- RECORDS SUPPLIED -

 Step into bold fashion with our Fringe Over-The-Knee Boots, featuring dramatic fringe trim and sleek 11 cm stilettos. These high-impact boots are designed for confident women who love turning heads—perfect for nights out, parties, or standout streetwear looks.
* * *
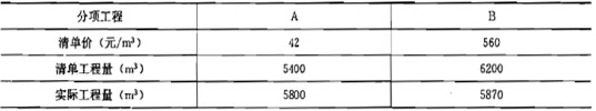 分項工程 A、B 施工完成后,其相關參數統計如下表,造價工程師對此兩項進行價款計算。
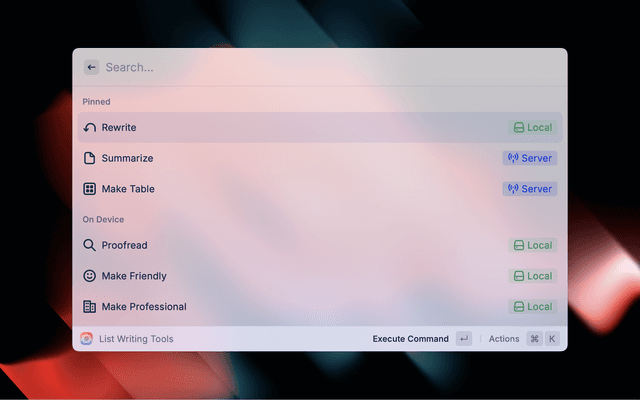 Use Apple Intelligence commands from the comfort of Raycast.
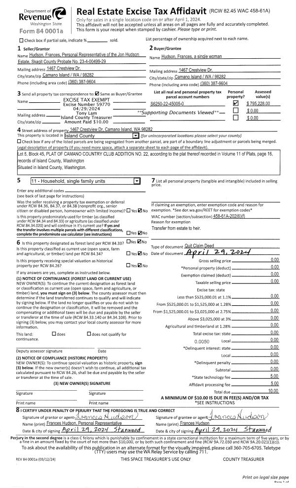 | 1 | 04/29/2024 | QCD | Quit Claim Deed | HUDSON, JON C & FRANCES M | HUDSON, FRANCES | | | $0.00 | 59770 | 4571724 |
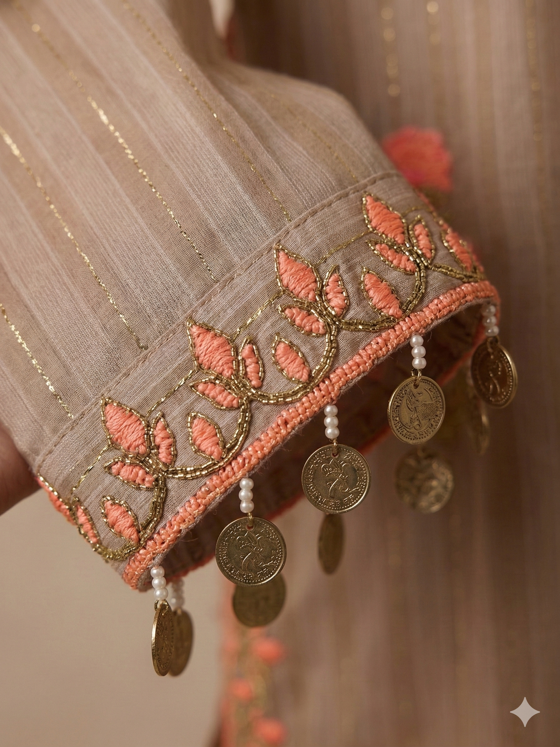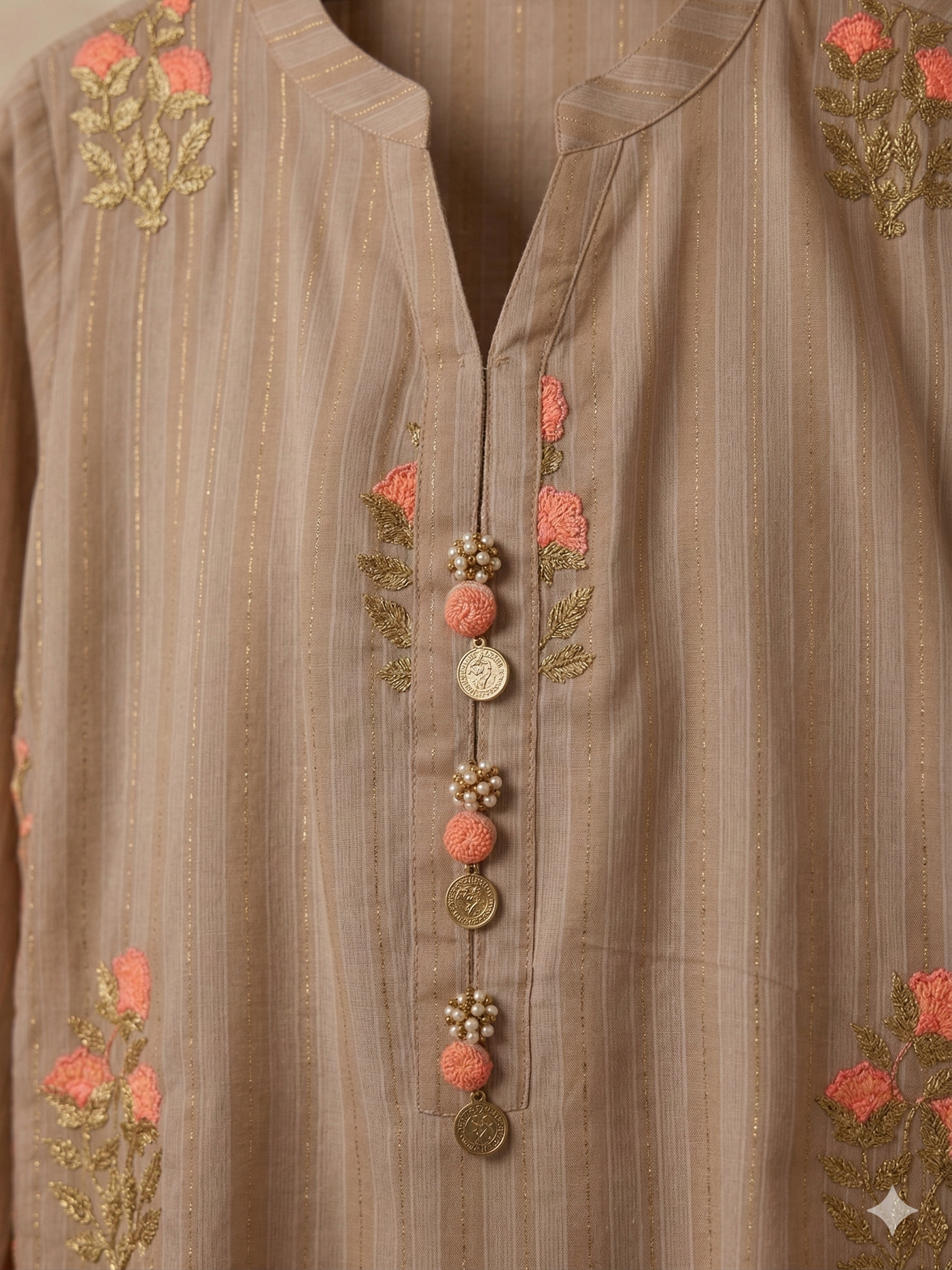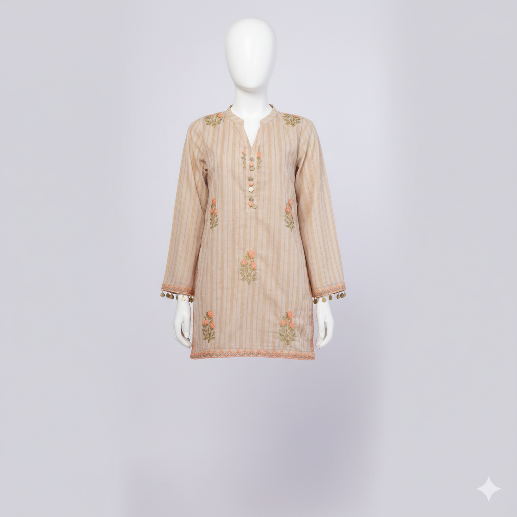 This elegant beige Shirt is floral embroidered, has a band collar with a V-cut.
---
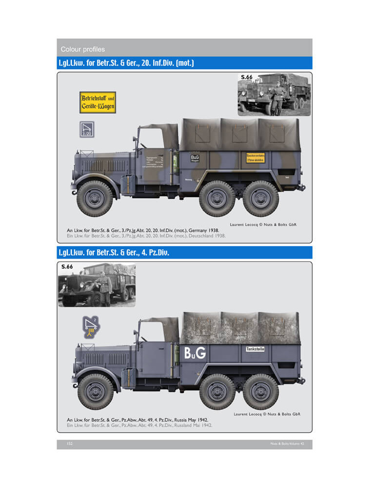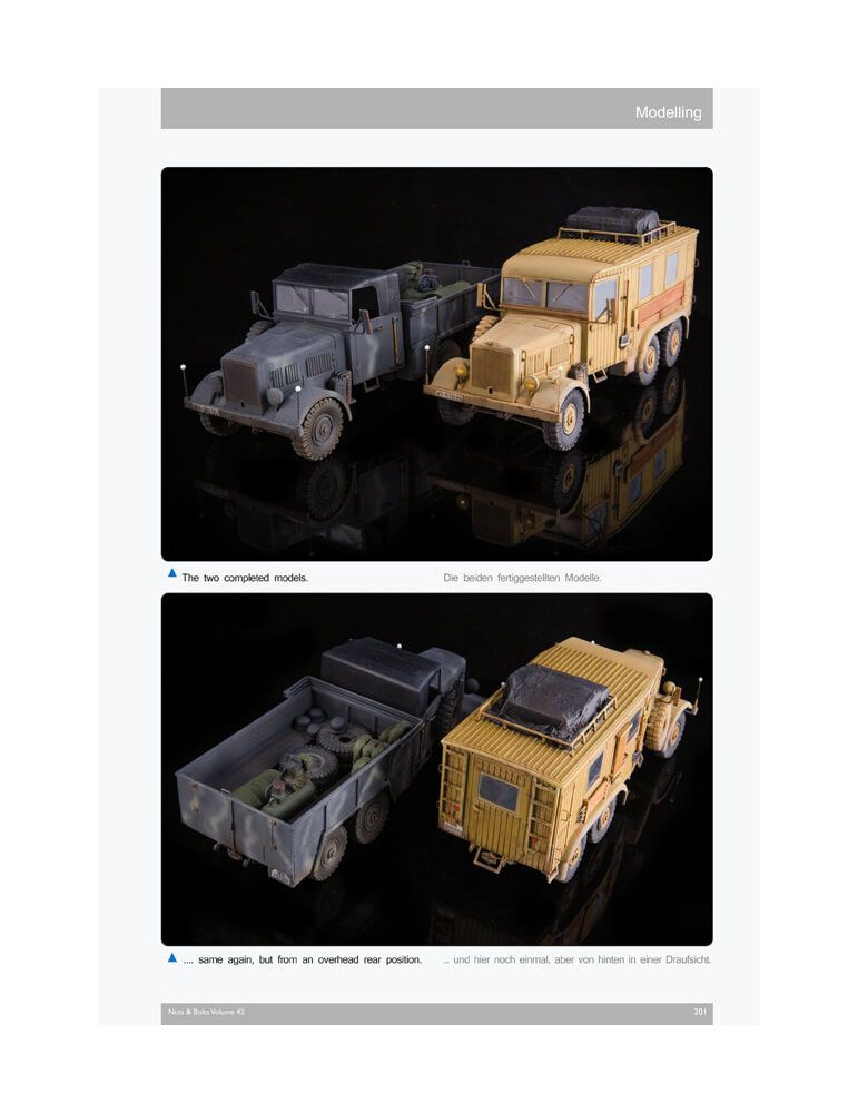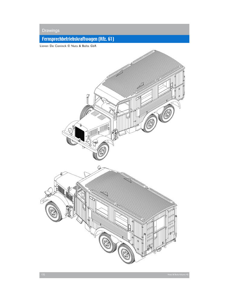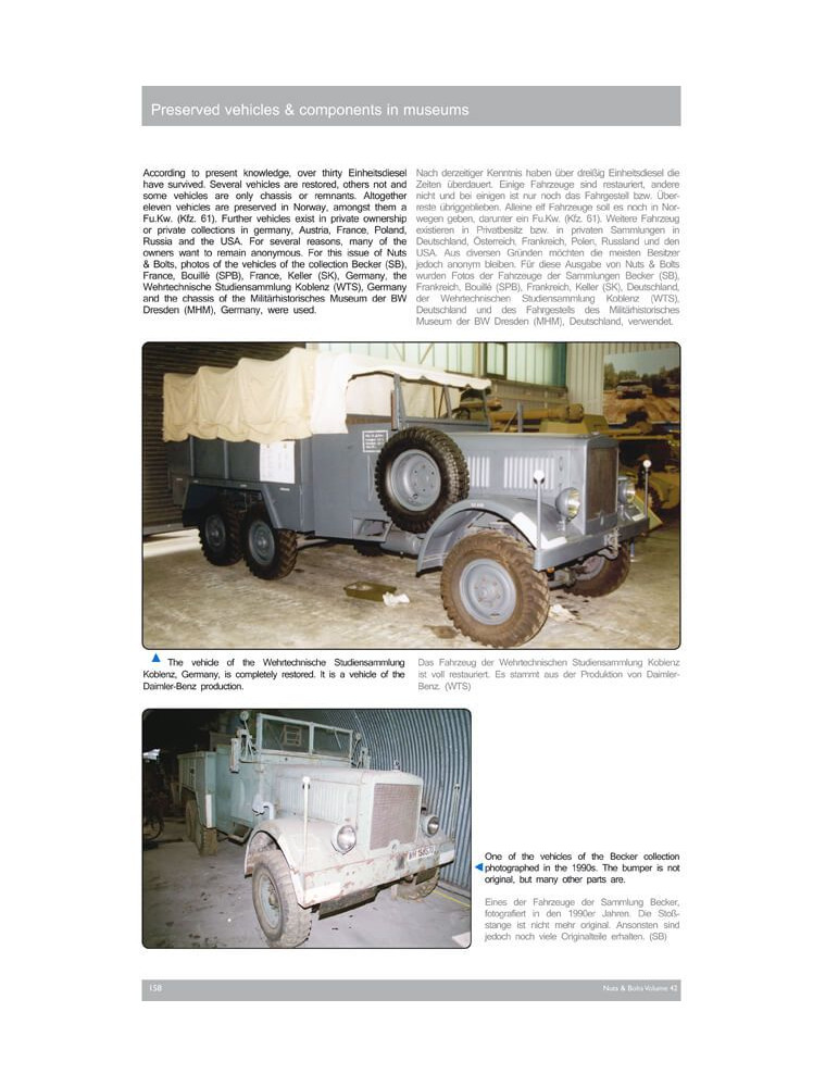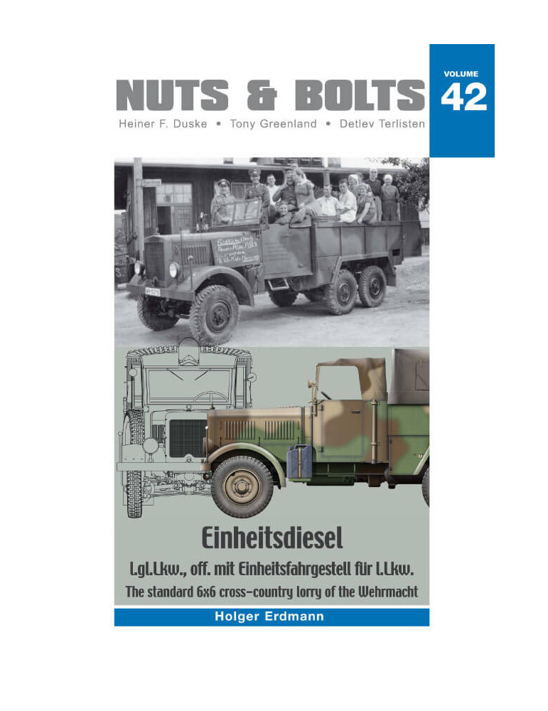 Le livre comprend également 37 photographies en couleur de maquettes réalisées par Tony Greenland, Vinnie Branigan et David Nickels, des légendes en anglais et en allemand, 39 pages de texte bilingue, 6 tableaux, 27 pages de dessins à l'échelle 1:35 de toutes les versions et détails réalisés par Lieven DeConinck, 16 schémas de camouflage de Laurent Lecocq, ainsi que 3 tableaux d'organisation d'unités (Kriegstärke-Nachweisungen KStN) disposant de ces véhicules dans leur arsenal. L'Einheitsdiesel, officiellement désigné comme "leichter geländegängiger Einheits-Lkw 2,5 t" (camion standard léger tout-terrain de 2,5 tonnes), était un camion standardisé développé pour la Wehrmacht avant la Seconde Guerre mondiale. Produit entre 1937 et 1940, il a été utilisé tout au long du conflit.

- TASK TO COMPLETE -
From the data above, retype only the lines starting with the line with "Use Apple Intelligence" and going on through the line with "This elegant beige", exactly, leaving out the pictures.

- RESPONSE TO THIS EXERCISE -
 Use Apple Intelligence commands from the comfort of Raycast.
 | 1 | 04/29/2024 | QCD | Quit Claim Deed | HUDSON, JON C & FRANCES M | HUDSON, FRANCES | | | $0.00 | 59770 | 4571724 |
 This elegant beige Shirt is floral embroidered, has a band collar with a V-cut.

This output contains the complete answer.